A rectangle is bounded by the x-axis and the semicircle y=sqrt(25 - x^2). What length and width should the rectangle have so that its area is a maximum?
2007-12-02 11:52:42 · 3 answers · asked by Anonymous in Science & Mathematics ➔ Mathematics
Note that choosing one corner on the semicircle defines the rectangle. Suppose we choose the corner at
(x, sqrt(25-x^2) ), where x is positive (and less than 5).
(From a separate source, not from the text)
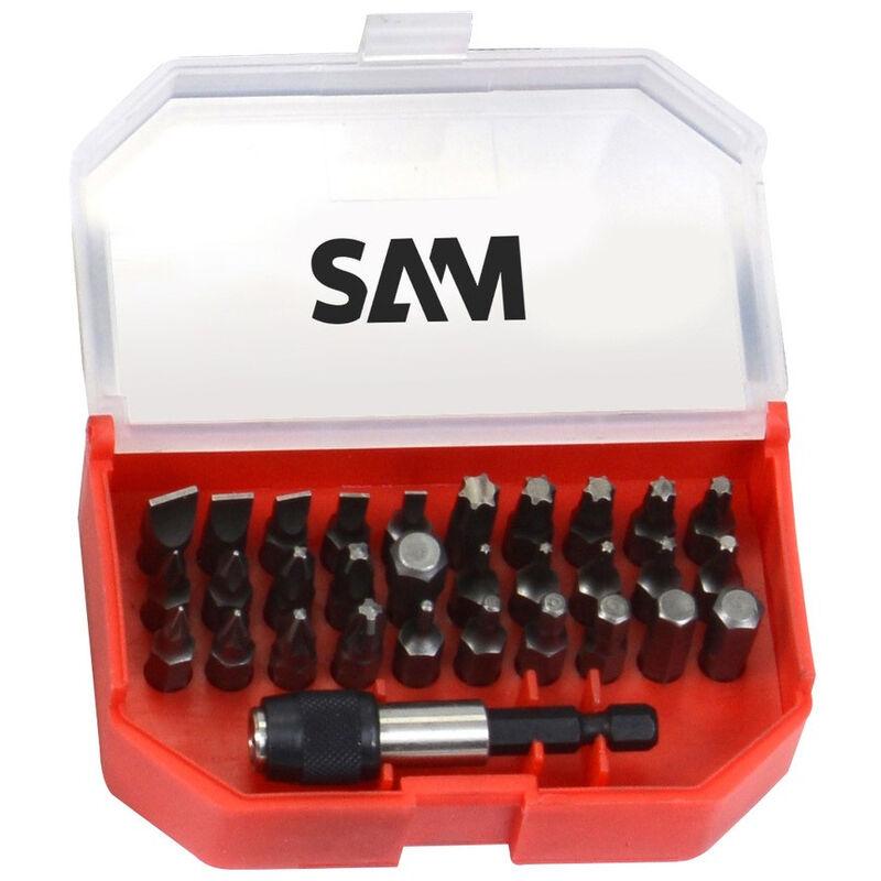 Dettagli: Set di 30 punte più utilizzate + 1 portapunte Coperchio trasparente Compatto: entra facilmente in tasca o nella cassetta degli attrezzi Clip da cintura integrata Composizione: X1 portabit da 1/4 X30 bit di cacciavite da 1/4: Slot: 3 - 4 - 4,5 - 5,5 - 6,5 Phillips®: 1 x n°1 - 3 x n°2 - 2 x n°3 Pozidriv®: 1 x n°1 - 3 x n°2 - 2 x n°3 6 Vanghe: 2 - 2,5 - 3 - 4 - 5 - 6 mm Torx®: 10 - 15 - 20 - 25 - 30 - 40

Then it is easy to see the width is 2x, and the height is
sqrt (25-x^2)
so the formula for the area is
2x * sqrt(25 -x^2)
Now use calculus to find the value of x that maximizes this value, and plug it in to get the maximum area.
HTH,
Steve
Answer:
x = 5/Sqrt(2), area = 25
EDIT - I'm not entirely sure how everyone else is getting this wrong, but the area is
2 * x * sqrt(25-x^2)
not 4, not 1, but 2. We are talking about a semicircle!
2007-12-02 12:05:19 · answer #1 · answered by Anonymous · 0⤊ 2⤋
Area of a rectangle, A = xy
dA/dx = d/dx (xy) = y + x dy/dx =set= 0 to find the extrema
dy/dx = (1/2)(25-x^2)^(-1/2) d/dx(25-x^2)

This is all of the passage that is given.